◆ **EXERCISE**:
What is needed is a word-for-word transcript of the listing, free of pictures.

◆ **SUPPLIED INFORMATION**:
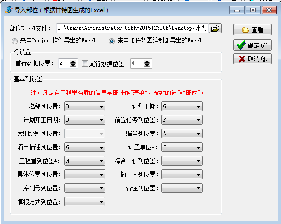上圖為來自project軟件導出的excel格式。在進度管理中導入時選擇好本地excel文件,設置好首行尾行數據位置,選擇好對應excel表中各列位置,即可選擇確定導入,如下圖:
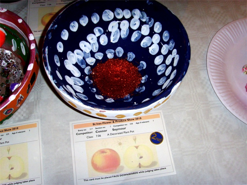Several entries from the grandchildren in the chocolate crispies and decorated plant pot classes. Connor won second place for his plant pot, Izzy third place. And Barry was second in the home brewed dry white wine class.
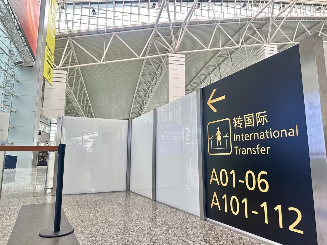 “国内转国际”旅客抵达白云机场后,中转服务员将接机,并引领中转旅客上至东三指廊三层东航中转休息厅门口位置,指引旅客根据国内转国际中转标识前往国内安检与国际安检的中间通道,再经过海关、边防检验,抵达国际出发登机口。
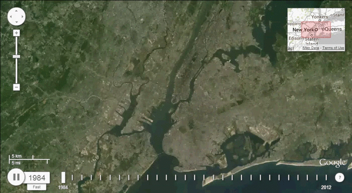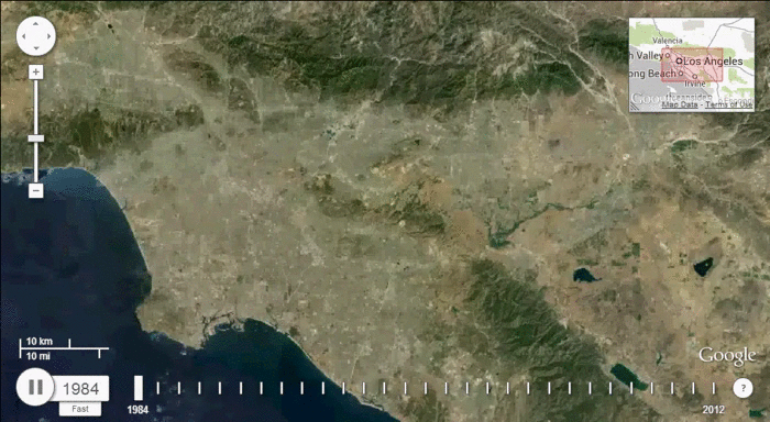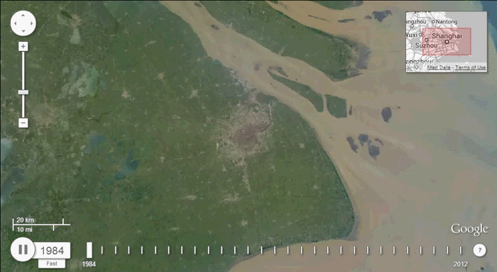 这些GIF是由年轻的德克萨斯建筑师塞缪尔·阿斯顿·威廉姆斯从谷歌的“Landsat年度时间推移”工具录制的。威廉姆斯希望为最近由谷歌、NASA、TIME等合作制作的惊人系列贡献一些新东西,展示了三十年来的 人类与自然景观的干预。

◆ **OUTPUT FOR THIS EXERCISE**:
上圖為來自project軟件導出的excel格式。在進度管理中導入時選擇好本地excel文件,設置好首行尾行數據位置,選擇好對應excel表中各列位置,即可選擇確定導入,如下圖:
Several entries from the grandchildren in the chocolate crispies and decorated plant pot classes. Connor won second place for his plant pot, Izzy third place. And Barry was second in the home brewed dry white wine class.
 “国内转国际”旅客抵达白云机场后,中转服务员将接机,并引领中转旅客上至东三指廊三层东航中转休息厅门口位置,指引旅客根据国内转国际中转标识前往国内安检与国际安检的中间通道,再经过海关、边防检验,抵达国际出发登机口。
 这些GIF是由年轻的德克萨斯建筑师塞缪尔·阿斯顿·威廉姆斯从谷歌的“Landsat年度时间推移”工具录制的。威廉姆斯希望为最近由谷歌、NASA、TIME等合作制作的惊人系列贡献一些新东西,展示了三十年来的 人类与自然景观的干预。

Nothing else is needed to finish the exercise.